§ PROBLEM STATEMENT:
Pictures in the data below are not part of the copy; transcribe everything else exactly.

Segment Start: THE DATA

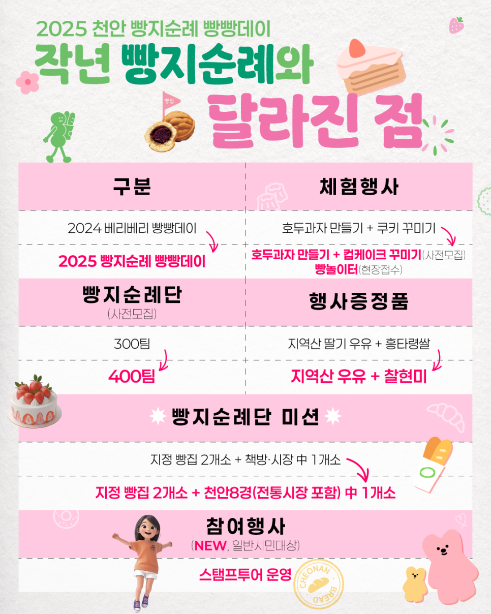 - 체험 행사 (호두과자 만들기, 컵케이크 꾸미기): 천안시청 로비(1층)에서 진행되며, 현장 접수 가능한 '빵놀이터' 체험도 마련되어 있습니다. (사전 신청 대상자 우선)
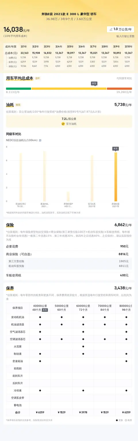市场行情也是决定这款车价值的重要因素。目前,这款奔驰E级的二手车行情大致在32万至40万之间。此外,根据估算,这辆车的年均综合用车成本约为1.5万元,当然具体用车成本金额还是根据车辆的实际使用情况而决定的。
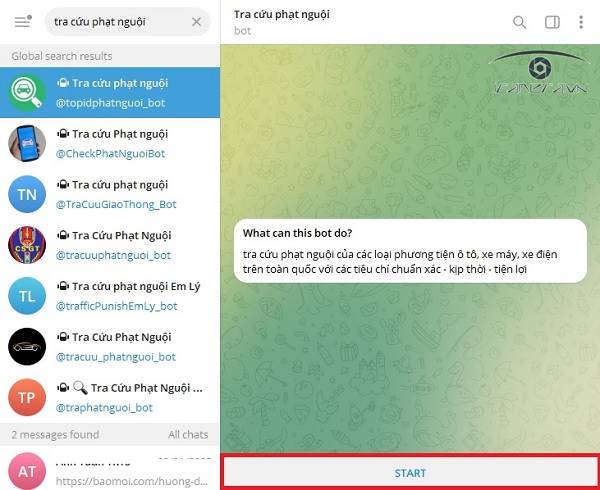 Nhấn vào mục Start để kích hoạt bot tra cứu.
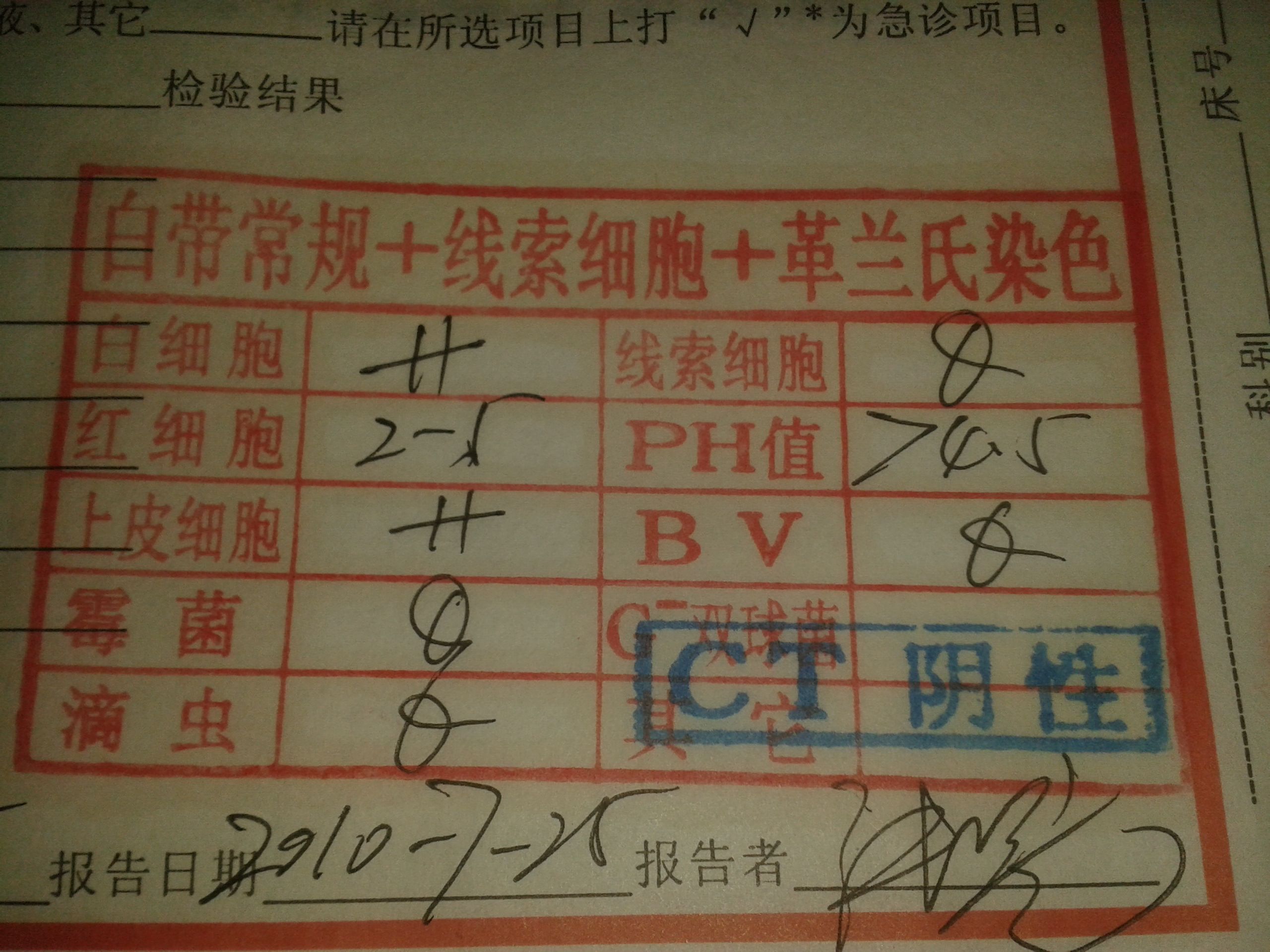 白带常规线索细胞革兰氏染色化验报告谁看得懂,请专业人士进 点击展开 匿名用户 2013-06-15 21:35 满意回答 这个报告显示都正常,没有霉菌,没有滴虫、没有炎症。 赏夜南_y2Lw 2013-06-15 22:22 宝宝知道提示您:回答为网友贡献,仅供参考。 相关问题 白带常规+线索细胞+革兰氏染色 我做的白带化验清洁度3,霉菌-,白细胞++,滴虫-,红细胞-,线索细胞+,上皮细胞没有,请问严重么? 我做的白带化验清洁度3,霉菌-,白细胞++,滴虫-,红细胞-,线索细胞+,上皮细胞没有,请问严重么?

Segment End: THE DATA

§ RESULT BELOW:
 - 체험 행사 (호두과자 만들기, 컵케이크 꾸미기): 천안시청 로비(1층)에서 진행되며, 현장 접수 가능한 '빵놀이터' 체험도 마련되어 있습니다. (사전 신청 대상자 우선)
市场行情也是决定这款车价值的重要因素。目前,这款奔驰E级的二手车行情大致在32万至40万之间。此外,根据估算,这辆车的年均综合用车成本约为1.5万元,当然具体用车成本金额还是根据车辆的实际使用情况而决定的。
 Nhấn vào mục Start để kích hoạt bot tra cứu.
 白带常规线索细胞革兰氏染色化验报告谁看得懂,请专业人士进 点击展开 匿名用户 2013-06-15 21:35 满意回答 这个报告显示都正常,没有霉菌,没有滴虫、没有炎症。 赏夜南_y2Lw 2013-06-15 22:22 宝宝知道提示您:回答为网友贡献,仅供参考。 相关问题 白带常规+线索细胞+革兰氏染色 我做的白带化验清洁度3,霉菌-,白细胞++,滴虫-,红细胞-,线索细胞+,上皮细胞没有,请问严重么? 我做的白带化验清洁度3,霉菌-,白细胞++,滴虫-,红细胞-,线索细胞+,上皮细胞没有,请问严重么?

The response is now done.